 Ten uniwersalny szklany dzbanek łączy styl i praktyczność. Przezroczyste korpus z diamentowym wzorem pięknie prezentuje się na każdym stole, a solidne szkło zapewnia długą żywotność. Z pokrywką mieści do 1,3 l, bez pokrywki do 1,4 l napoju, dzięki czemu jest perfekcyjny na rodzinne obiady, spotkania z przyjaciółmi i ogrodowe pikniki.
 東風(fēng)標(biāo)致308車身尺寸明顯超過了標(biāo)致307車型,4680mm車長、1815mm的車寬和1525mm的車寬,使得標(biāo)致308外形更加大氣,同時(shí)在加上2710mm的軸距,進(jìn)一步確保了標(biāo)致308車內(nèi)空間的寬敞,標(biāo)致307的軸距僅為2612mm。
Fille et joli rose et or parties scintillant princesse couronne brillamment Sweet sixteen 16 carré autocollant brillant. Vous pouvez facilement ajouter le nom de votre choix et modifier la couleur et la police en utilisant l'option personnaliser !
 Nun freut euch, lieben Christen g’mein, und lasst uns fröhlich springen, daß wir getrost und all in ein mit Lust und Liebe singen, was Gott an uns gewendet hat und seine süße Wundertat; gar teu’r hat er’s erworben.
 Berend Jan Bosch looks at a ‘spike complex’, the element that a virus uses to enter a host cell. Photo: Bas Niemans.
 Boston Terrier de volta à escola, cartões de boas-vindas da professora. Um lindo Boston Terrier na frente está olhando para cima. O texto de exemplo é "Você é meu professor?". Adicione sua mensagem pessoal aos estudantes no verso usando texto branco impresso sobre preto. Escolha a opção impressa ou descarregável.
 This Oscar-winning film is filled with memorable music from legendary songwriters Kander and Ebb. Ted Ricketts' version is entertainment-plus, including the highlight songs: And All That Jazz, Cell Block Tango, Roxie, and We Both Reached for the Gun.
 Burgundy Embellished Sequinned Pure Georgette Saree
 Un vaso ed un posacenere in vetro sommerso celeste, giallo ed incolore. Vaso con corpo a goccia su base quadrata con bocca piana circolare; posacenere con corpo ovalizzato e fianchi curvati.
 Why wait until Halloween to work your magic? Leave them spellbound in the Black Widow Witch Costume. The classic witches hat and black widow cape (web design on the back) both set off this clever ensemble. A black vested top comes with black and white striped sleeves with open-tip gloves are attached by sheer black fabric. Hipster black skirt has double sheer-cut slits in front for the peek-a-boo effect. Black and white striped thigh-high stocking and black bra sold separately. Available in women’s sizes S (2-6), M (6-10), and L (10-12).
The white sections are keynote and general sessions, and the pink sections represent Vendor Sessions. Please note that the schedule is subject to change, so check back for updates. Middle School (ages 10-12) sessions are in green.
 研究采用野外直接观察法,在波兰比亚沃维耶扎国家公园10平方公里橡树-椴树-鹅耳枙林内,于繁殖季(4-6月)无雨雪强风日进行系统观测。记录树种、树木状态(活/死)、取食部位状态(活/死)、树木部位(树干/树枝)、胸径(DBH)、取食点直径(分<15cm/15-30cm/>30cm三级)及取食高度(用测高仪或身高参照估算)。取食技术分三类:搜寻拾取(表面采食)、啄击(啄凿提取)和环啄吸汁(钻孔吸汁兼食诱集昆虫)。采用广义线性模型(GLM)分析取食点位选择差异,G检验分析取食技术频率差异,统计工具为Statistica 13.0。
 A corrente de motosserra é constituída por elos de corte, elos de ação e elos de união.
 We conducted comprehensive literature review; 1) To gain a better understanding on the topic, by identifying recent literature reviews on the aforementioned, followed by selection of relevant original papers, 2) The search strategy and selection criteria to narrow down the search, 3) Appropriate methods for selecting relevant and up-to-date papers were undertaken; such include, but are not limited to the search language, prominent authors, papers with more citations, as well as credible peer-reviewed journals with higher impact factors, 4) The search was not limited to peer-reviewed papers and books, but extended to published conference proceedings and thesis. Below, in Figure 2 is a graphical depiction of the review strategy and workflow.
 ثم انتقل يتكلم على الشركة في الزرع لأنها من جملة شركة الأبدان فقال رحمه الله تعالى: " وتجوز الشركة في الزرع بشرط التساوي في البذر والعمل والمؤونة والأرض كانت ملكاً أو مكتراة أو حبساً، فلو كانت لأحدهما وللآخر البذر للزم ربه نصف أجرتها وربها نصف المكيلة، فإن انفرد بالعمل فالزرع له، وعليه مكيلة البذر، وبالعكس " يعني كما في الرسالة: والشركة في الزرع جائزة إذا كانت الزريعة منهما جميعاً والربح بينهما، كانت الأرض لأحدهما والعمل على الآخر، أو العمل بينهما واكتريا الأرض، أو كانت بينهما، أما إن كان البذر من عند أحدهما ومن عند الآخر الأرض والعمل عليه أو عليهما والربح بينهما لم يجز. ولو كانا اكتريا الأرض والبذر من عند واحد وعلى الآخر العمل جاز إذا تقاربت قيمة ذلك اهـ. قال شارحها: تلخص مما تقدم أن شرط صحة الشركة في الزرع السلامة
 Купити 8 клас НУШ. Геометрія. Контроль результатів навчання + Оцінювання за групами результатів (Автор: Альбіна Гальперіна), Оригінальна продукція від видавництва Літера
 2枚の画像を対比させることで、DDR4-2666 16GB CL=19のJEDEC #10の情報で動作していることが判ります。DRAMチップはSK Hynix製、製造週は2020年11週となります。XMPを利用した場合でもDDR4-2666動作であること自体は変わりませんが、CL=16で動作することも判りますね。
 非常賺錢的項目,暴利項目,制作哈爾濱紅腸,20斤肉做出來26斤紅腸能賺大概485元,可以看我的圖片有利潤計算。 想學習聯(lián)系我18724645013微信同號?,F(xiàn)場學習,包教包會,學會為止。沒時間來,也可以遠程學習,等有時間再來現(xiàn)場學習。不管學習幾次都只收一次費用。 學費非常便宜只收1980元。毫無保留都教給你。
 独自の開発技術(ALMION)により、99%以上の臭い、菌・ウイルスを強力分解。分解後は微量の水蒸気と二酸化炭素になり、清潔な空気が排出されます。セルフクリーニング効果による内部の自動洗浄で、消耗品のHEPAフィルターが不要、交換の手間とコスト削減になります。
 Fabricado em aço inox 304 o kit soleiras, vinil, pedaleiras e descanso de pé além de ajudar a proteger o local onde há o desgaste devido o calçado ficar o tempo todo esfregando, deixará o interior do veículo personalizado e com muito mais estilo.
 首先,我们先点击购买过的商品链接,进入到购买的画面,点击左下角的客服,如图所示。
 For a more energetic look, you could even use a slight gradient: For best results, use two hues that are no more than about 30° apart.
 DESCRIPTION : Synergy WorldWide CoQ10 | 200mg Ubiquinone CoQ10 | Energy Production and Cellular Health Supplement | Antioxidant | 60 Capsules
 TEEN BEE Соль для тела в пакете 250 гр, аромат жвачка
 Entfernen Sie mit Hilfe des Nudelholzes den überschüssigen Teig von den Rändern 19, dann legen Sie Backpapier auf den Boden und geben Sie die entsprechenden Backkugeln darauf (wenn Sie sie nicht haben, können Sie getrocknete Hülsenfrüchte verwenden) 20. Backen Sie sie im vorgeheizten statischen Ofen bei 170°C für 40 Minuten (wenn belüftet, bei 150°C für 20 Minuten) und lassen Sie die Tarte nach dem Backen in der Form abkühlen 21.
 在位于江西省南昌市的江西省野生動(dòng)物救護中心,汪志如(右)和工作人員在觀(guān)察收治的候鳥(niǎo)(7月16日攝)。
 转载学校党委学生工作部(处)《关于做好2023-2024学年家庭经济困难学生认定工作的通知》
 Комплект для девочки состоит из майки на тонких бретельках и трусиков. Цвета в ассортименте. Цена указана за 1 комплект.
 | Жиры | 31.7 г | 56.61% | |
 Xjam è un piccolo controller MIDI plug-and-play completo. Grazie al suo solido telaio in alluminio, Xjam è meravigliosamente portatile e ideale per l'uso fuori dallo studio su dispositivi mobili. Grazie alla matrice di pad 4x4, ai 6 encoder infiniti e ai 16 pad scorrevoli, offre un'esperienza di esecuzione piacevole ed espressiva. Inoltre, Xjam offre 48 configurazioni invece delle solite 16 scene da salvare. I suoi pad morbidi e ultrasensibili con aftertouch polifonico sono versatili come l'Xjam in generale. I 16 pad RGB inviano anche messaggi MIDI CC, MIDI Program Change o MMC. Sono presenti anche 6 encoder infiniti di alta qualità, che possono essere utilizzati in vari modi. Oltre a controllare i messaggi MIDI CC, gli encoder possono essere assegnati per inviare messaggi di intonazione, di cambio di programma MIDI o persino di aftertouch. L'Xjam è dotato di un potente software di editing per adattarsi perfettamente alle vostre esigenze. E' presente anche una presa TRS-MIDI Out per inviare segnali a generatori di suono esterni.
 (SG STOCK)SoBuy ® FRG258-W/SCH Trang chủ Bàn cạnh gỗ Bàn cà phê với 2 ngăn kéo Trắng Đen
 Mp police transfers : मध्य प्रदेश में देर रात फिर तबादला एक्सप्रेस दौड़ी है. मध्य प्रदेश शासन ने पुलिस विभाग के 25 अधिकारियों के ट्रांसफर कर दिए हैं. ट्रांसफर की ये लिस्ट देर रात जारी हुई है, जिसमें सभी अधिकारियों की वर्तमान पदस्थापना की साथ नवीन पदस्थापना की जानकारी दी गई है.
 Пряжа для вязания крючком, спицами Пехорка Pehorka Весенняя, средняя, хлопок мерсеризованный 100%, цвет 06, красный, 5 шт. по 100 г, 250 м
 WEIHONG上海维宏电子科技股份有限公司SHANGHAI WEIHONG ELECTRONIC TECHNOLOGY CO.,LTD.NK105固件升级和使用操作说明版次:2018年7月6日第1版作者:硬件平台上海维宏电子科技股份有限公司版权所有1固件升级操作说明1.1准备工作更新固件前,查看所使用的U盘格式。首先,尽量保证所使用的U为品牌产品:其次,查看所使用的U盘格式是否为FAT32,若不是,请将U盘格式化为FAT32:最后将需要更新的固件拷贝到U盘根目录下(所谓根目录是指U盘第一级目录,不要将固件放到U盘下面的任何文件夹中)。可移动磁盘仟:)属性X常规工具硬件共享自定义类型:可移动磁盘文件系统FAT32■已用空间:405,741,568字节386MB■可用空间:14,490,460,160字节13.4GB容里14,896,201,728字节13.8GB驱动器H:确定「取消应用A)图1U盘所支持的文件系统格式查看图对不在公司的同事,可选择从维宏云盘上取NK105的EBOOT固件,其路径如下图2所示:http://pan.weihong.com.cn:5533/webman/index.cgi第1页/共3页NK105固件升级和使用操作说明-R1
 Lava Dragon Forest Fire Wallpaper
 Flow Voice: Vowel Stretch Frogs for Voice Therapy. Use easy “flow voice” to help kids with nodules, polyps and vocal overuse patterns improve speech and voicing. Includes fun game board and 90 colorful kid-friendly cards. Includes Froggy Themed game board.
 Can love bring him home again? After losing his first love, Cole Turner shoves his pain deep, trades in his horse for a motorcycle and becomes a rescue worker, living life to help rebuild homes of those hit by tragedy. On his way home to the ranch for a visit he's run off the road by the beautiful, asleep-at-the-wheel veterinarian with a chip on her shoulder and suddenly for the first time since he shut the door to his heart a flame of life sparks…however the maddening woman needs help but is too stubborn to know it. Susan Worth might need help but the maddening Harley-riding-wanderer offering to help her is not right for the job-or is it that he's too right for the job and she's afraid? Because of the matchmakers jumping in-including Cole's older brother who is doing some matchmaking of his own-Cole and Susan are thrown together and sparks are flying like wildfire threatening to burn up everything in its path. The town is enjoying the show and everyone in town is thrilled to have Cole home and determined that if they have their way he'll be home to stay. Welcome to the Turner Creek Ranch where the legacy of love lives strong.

Exercise brief: Please, from the entries above, set down exactly the lines from the one containing "DESCRIPTION : Synergy" through the one containing "TEEN BEE Соль", and only those.

Problem solution:
 DESCRIPTION : Synergy WorldWide CoQ10 | 200mg Ubiquinone CoQ10 | Energy Production and Cellular Health Supplement | Antioxidant | 60 Capsules
 TEEN BEE Соль для тела в пакете 250 гр, аромат жвачка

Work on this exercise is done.